Outro ponto que chama a atenção são as idéias pacifistas de Tezuka. Numa época em que todos os mangás e desenhos apresentavam verdadeiras máquinas de destruição, sem nenhum escrúpulo ou ideais aparentes, Osamu demonstrou que, mesmo tendo a ação e combates como parte importante da história, era possível juntá-los a ideais pacifistas e ser a favor do desarmamento. Praticamente todo episódio ou volume do mangá apresentava essas idéias, além de definir o bem e o mal como partes de um conflito que precisava acabar. Eram essas idéias, mais que qualquer outras, que tornaram o desenho uma revolução para a época.
A história é a seguinte: ela se passa no ano 2000. Um cientista, famoso no campo da robótica, Dr. Boynton, perde seu filho, Aster Boynton, em um acidente de carro. Triste, ele resolve construir um robô a imagem e semelhança de seu filho, na esperança de tê-lo de volta na figura do robô.
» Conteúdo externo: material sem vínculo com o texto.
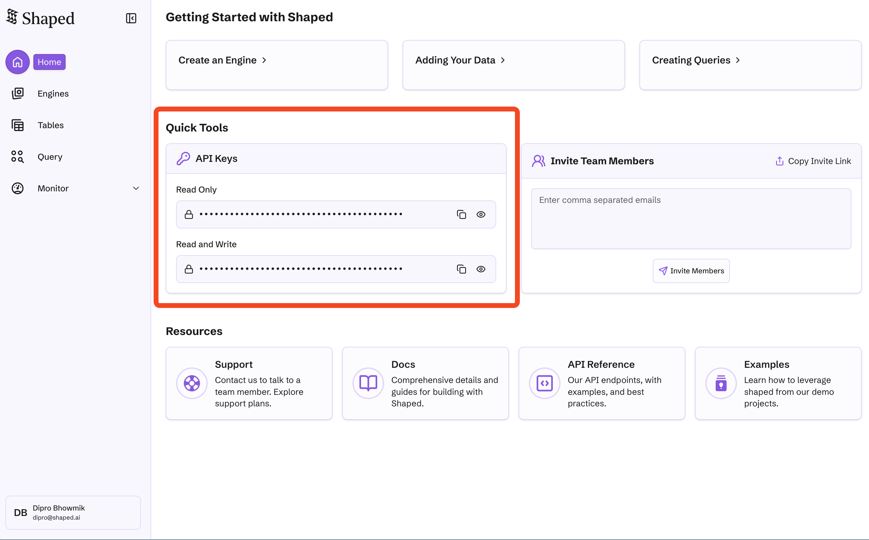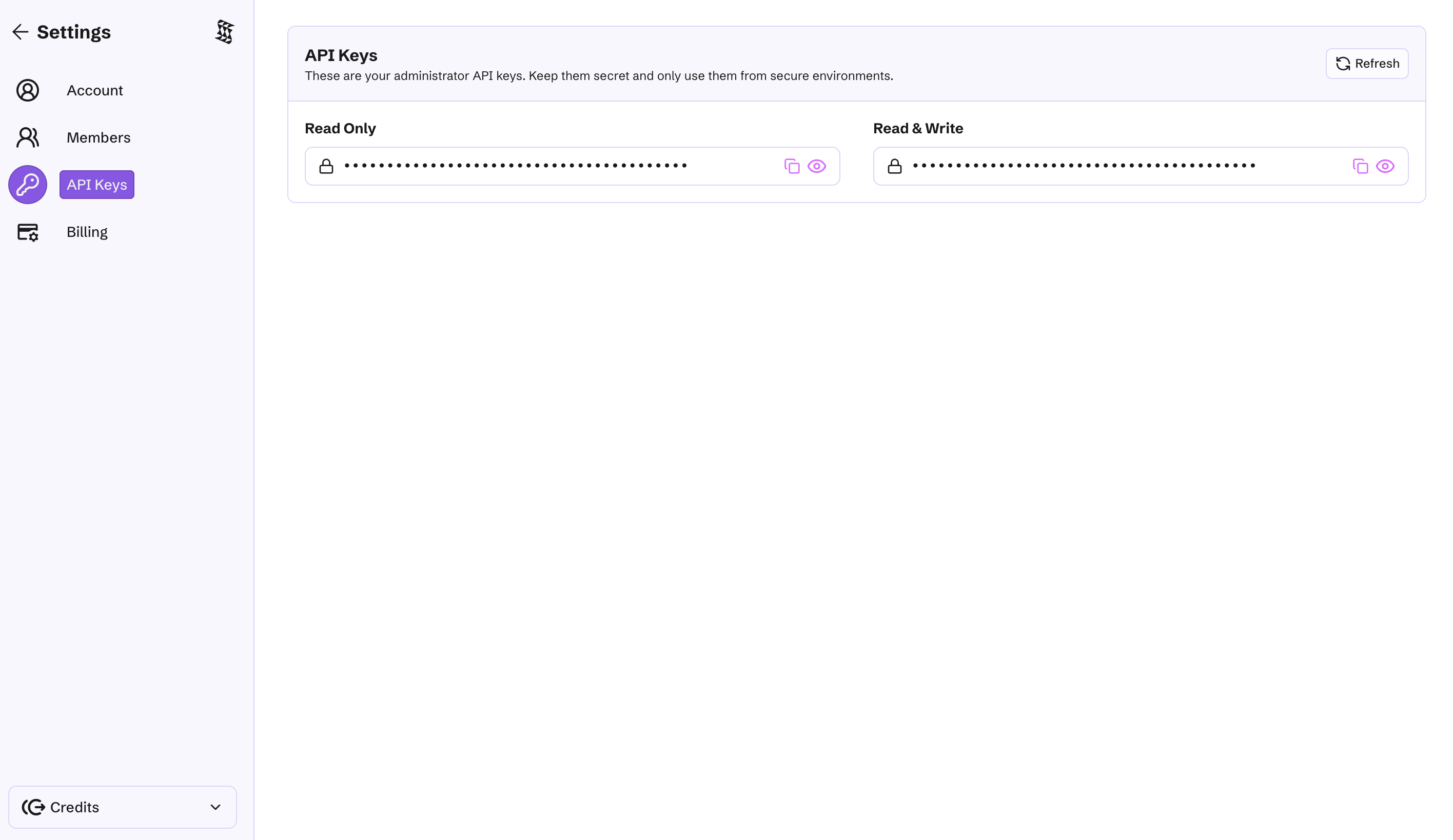 There are two types of API key: read-only and read-write. Your applications should default to using a read-only API key, and only use a read-write key if you absolutely need to.

Terminada a invenção, o cientista percebe que o robô jamais irá crescer, e nunca substituirá seu filho, então resolve vende-lo a um circo, onde a principal atração são as lutas de robôs. Neste circo Aster é rebatizado de Astroboy, e sofre muito nas mãos do dono do circo. Revoltado com isso, o bom Dr. Elefun (uma pequena piada, fazendo referencia a seu grande nariz) salva o garoto do circo, e o orienta a usar os poderes para ajudar a humanidade. No Instituto de Ciências Astroboy ganha uma família biônica, com direito a pais, uma irmã (conhecida como Uran) e um cachorro.
Pode parecer bem simplista, e realmente o é. Mas também é assustadoramente interessante o quanto esta história é encantadora, e o quão boa ela pode ser. A primeira série era em branco e preto, e teve 193 episódios, com apenas 104 exportados para o exterior. Estes 104 episódios conseguiram chamar a atenção dos ocidentais quando começaram a competir quase que de igual para igual com séries de peso da época, como A Feiticeira e I Love Lucy. Infelizmente ela não chegou a ser exibida no Brasil.
Osamu Tezuka foi brilhante, a ponto de que até mesmo ele copiou sua própria série. De tão idêntica muitos a consideram como uma outra série de Astroboy, mas não é isso que ocorre. Jetter Mars, exibido no Brasil como O Menino Biônico, teve bem menos repercussão que seu antecessor. Apenas algumas mudanças, como o nome do personagem principal ser Jet, e algumas mudanças na personalidade de certos personagens. È claro que esta não foi a única cópia, ou inspiração, que Astroboy gerou, mas está é a mais interessante, por ser do mesmo autor.
Além de numerosas versões live-action, Astroboy teve um longa de animação para o cinema, em 1964, e uma nova série de tv, agora colorida, em 1980, com 52 episódios (que está sendo exibida pelo Cartoon Network, de segunda a sexta, às 16h30).
Atualmente a Sony está trabalhando em uma nova série de tv, e tem projetos para lançar um novo filme ainda em 2004. O filme está confirmado, e apenas a data é incerta. O produtor é o consagrado Genndy Tartakovsky (Samurai Jack e erras Clônicas, dois desenhos magníficos), com co-produção de Don Murphy (Do Inferno), ao lado de Lisa Henson e Cristine Belson (ambas da Jim Helson Pictures). O roteiro é de Todd Alcot (Formiguinhaz) e Ken Kaufman (Cowboys do Espaço).